Personal information
- Full name: John Desmond Nisbet
- Date of birth: 29 October 1921
- Place of birth: Caulfield, Victoria
- Date of death: 29 November 2004 (aged 83)
- Original team(s): Rochester, Caulfield City
- Height: 180 cm (5 ft 11 in)
- Weight: 79 kg (174 lb)

Playing career^{1}
- Years: Club / Games (Goals)
- 1944–1952: St Kilda / 110 (6)
- ^{1} Playing statistics correct to the end of 1952.

= Des Nisbet =

Australian rules footballer

John Desmond Nisbet (29 October 1921 – 29 November 2004) was an Australian rules footballer who played with St Kilda in the Victorian Football League (VFL).

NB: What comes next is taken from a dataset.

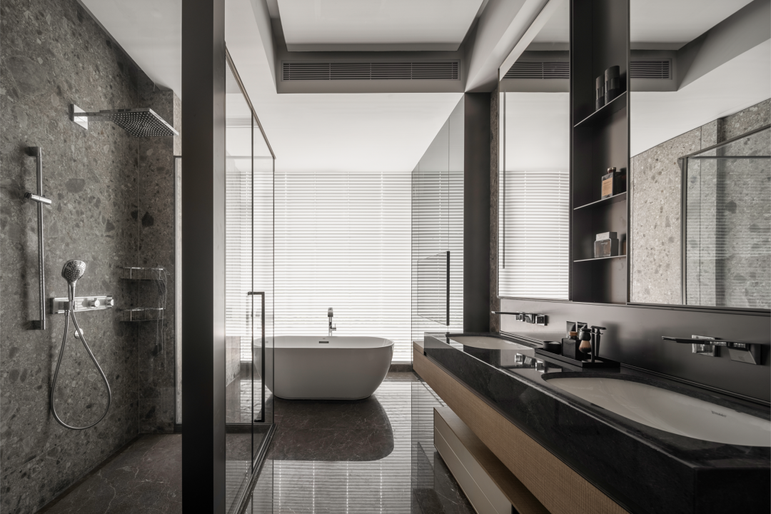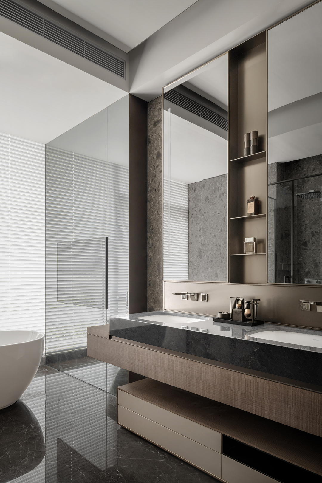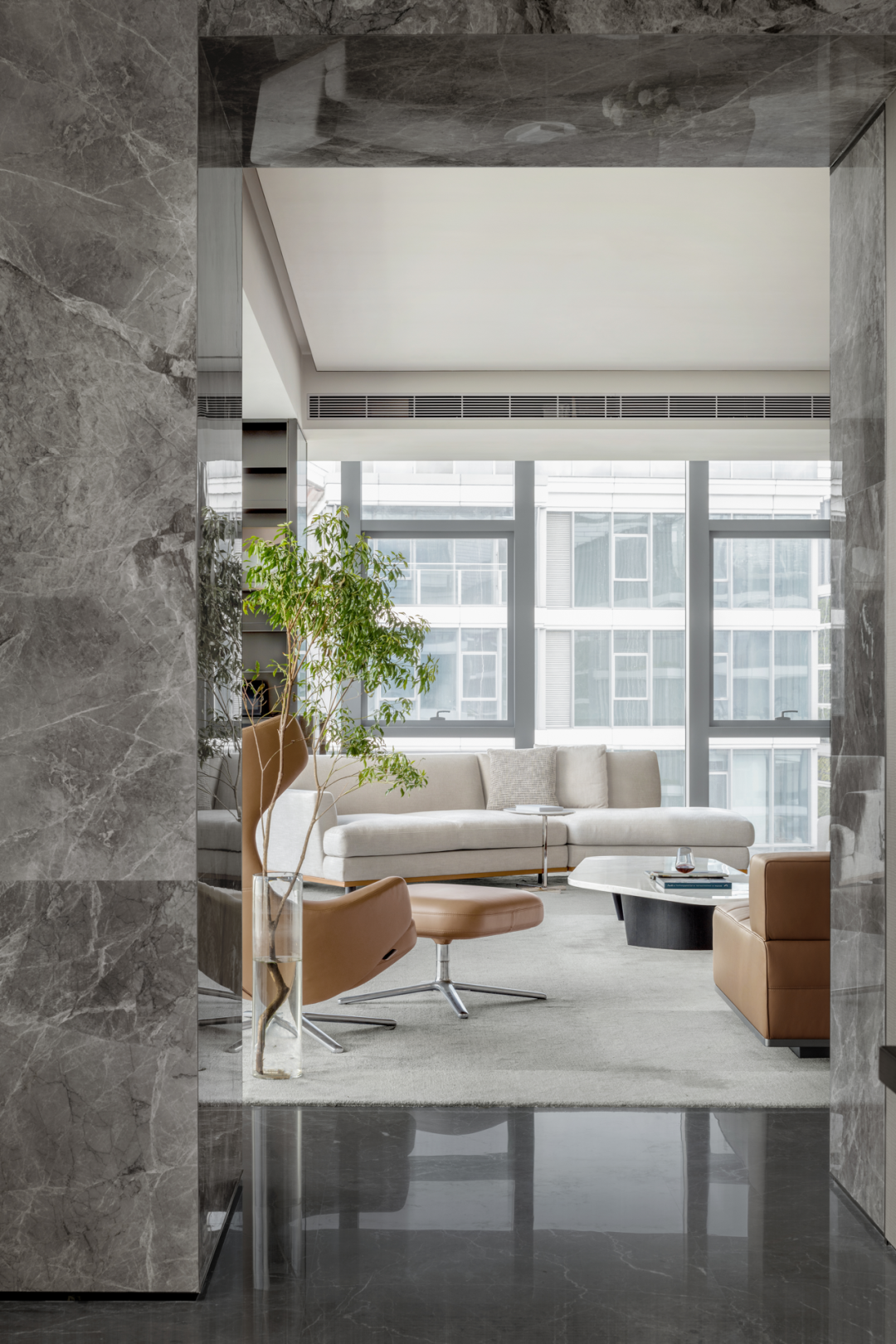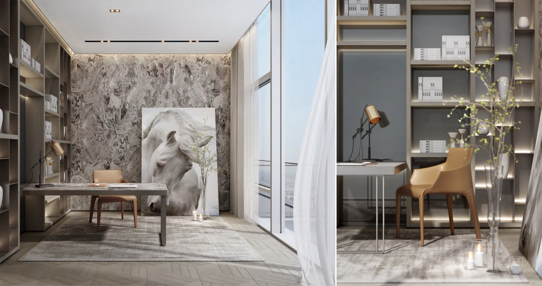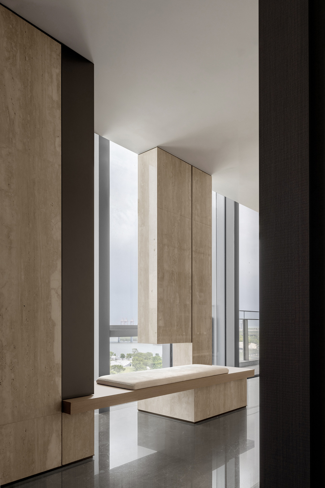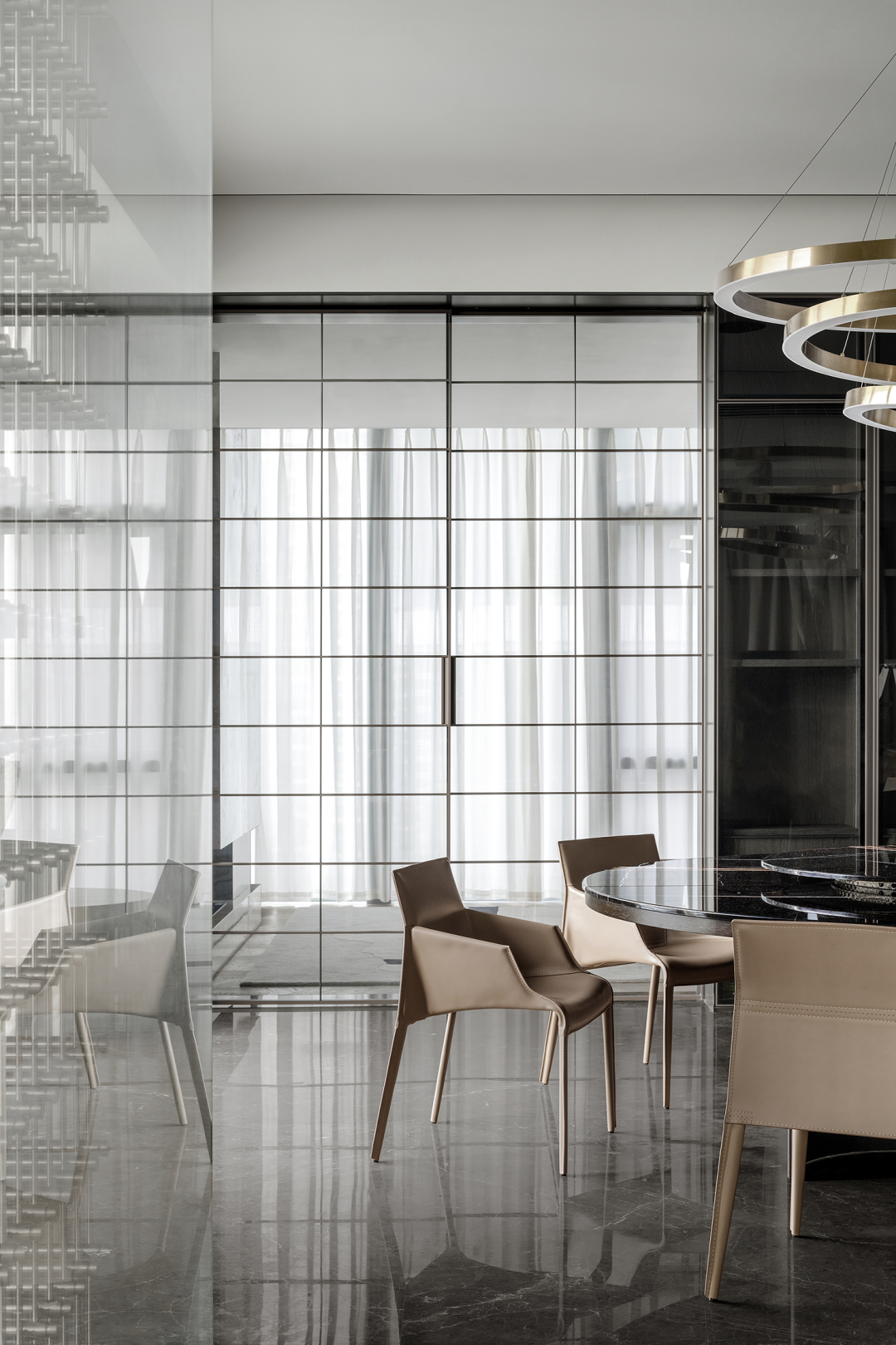 与自我相处,生活本身就是值得细腻品味的艺术品。内建筑式手法打造的观景休息厅,高级灰调马鞍皮柜体,朦胧玻璃材质电动门,以及闪耀金属光泽的酒架......成为随处可见、精心设置的巧思与细节。空间中呈现的精简,温和,质感,每一处蕴含品质哲学的小小细节,从不刻意,如植物般默默生长散发能量,巧妙扣映着生活理想主题。容纳丰富情感的聚所,映衬出精神层面的富足,从容于都市熙攘与心灵安逸间转换自如,成为滨海现代URBAN LIFE最完美的解答与诠释。

Nisbet, a defender, was originally from Rochester and also played football at Caulfield City prior to playing 110 games for St Kilda.

Nisbet served in the Australian Army during World War II.

Nisbet was runner-up in the 1947 senior best and fairest award. He then served as coach of the St Kilda seconds. From 1958 to 1983 he was Chairman of Selectors for St Kilda. In 2008 he was inducted into the club's Hall of Fame.

His son, Darryl, played one game for St Kilda in the 1970 VFL season.